Top of Dataset records

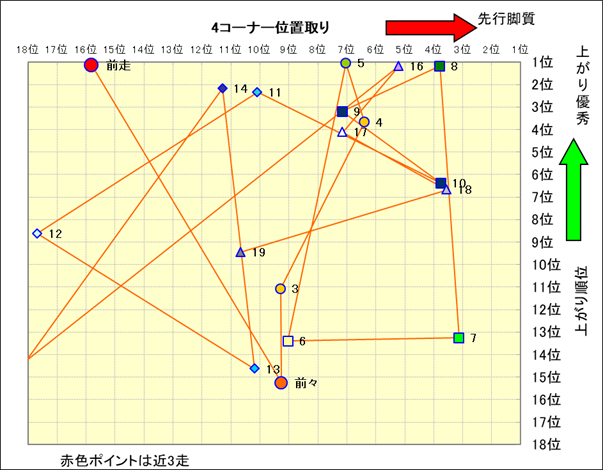 近走における4コーナーでの位置取りと上がり順位(頭数補正後) |
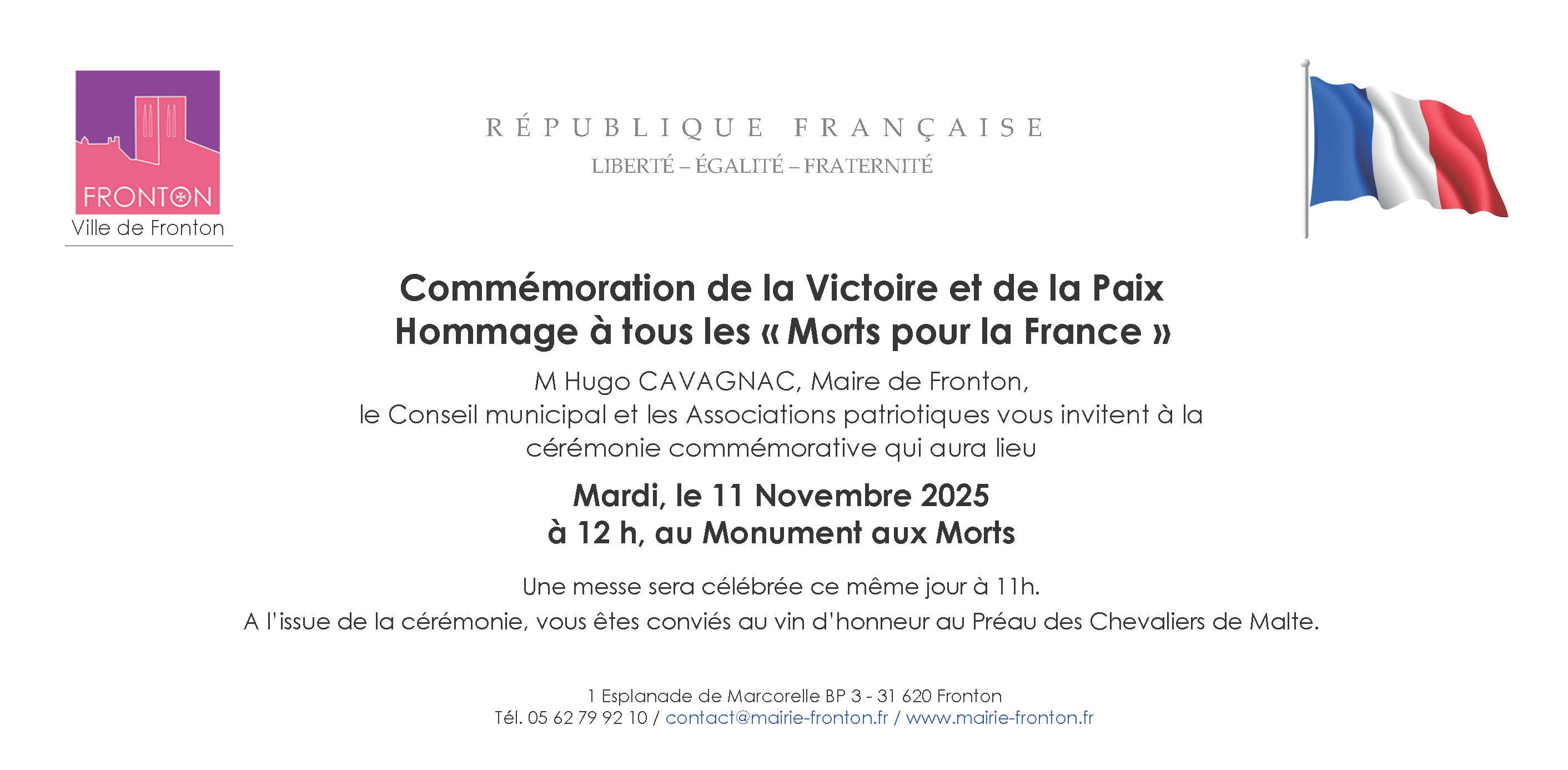 Rendez-vous au Monument aux morts de Fronton le mardi 11 novembre à midi:
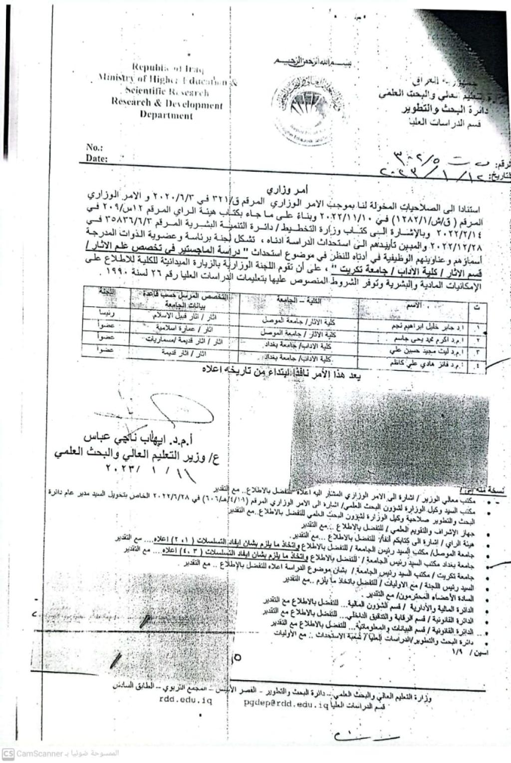 استناداً الى الامر الوزاري المرقم ب ت ٥ / ٣٠٢ في ١٢ / ١ / ٢٠٢٣ والمتضمن تشكيل لجنة برئاسة الاستاذ الدكتور جابر خليل ابراهيم الاستاذ المتمرس في كلية الاثار جامعة الموصل وعضوية كل من أ.م.د. اكرم محمد يحيى/ كلية الاثار/ جامعة الموصل و أ.م.د.ليث مجيد حسين / كلية الآداب جامعة بغداد و أ.م.د. فائز هادي علي / كلية الآداب/ جامعة بغداد . لاستحداث دراسة الماجستير في تخصص علم الاثار / قسم الاثار / كلية الآداب/ جامعة تكريت . وكان في استقبال اللجنة الاستاذ الدكتور وعد محمود رؤوف رئيس جامعة تكريت والأستاذ المساعد الدكتور مربد صالح ضامن عميد كلية الآداب .وقامت اللجنة بزيارتها الميدانية لقسم الاثار للإطلاع على الإمكانيات المادية والبشرية والمالية وتوفر الشروط المنصوص عليها بتعليمات الدراسات العليا رقم ٢٦ لسنة ١٩٩٠ .وعقدت اللجنة اجتماعات مع ذوي العلاقة في كلية الآداب بجامعة تكريت من أجل تقديم تقريرها المفصل الى وزارة التعليم العالي والبحث العلمي. وقد قام السيد رئيس جامعة تكريت بتكريم رئيس وأعضاء اللجنة الوزارية بكتب شكر ودرع الجامعة وسط حفاوة بالغة .
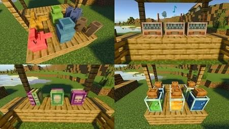 This decorative mod goes beyond simple furniture, adding food blocks that can be crafted using the recipe book and placed on tables for decoration. Interestingly, most blocks can be painted in different colors, and some can even have various fillings.
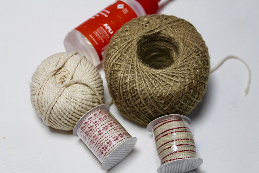 Con éste hilo de color crudo le quedaban genial las gemas, los lazos rojos y los motivos de la servilleta.
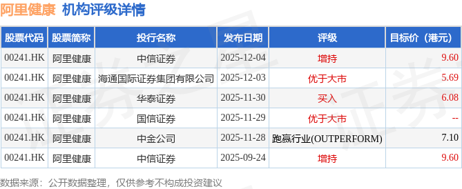 截至2025年12月15日收盘,阿里健康(00241.HK)报收于5.22港元,下跌2.06%,成交量5652.73万股,成交额2.95亿港元。投行对该股的评级以增持为主,近90天内共有2家投行给出增持评级,近90天的目标均价为7.61港元。中信证券最新一份研报给予阿里健康增持评级,目标价9.6港元。

Bottom of Dataset records

Assignment: Except for the pictures, give the data again word for word.

The answer:
 近走における4コーナーでの位置取りと上がり順位(頭数補正後) |
 Rendez-vous au Monument aux morts de Fronton le mardi 11 novembre à midi:
 استناداً الى الامر الوزاري المرقم ب ت ٥ / ٣٠٢ في ١٢ / ١ / ٢٠٢٣ والمتضمن تشكيل لجنة برئاسة الاستاذ الدكتور جابر خليل ابراهيم الاستاذ المتمرس في كلية الاثار جامعة الموصل وعضوية كل من أ.م.د. اكرم محمد يحيى/ كلية الاثار/ جامعة الموصل و أ.م.د.ليث مجيد حسين / كلية الآداب جامعة بغداد و أ.م.د. فائز هادي علي / كلية الآداب/ جامعة بغداد . لاستحداث دراسة الماجستير في تخصص علم الاثار / قسم الاثار / كلية الآداب/ جامعة تكريت . وكان في استقبال اللجنة الاستاذ الدكتور وعد محمود رؤوف رئيس جامعة تكريت والأستاذ المساعد الدكتور مربد صالح ضامن عميد كلية الآداب .وقامت اللجنة بزيارتها الميدانية لقسم الاثار للإطلاع على الإمكانيات المادية والبشرية والمالية وتوفر الشروط المنصوص عليها بتعليمات الدراسات العليا رقم ٢٦ لسنة ١٩٩٠ .وعقدت اللجنة اجتماعات مع ذوي العلاقة في كلية الآداب بجامعة تكريت من أجل تقديم تقريرها المفصل الى وزارة التعليم العالي والبحث العلمي. وقد قام السيد رئيس جامعة تكريت بتكريم رئيس وأعضاء اللجنة الوزارية بكتب شكر ودرع الجامعة وسط حفاوة بالغة .
 This decorative mod goes beyond simple furniture, adding food blocks that can be crafted using the recipe book and placed on tables for decoration. Interestingly, most blocks can be painted in different colors, and some can even have various fillings.
 Con éste hilo de color crudo le quedaban genial las gemas, los lazos rojos y los motivos de la servilleta.
 截至2025年12月15日收盘,阿里健康(00241.HK)报收于5.22港元,下跌2.06%,成交量5652.73万股,成交额2.95亿港元。投行对该股的评级以增持为主,近90天内共有2家投行给出增持评级,近90天的目标均价为7.61港元。中信证券最新一份研报给予阿里健康增持评级,目标价9.6港元。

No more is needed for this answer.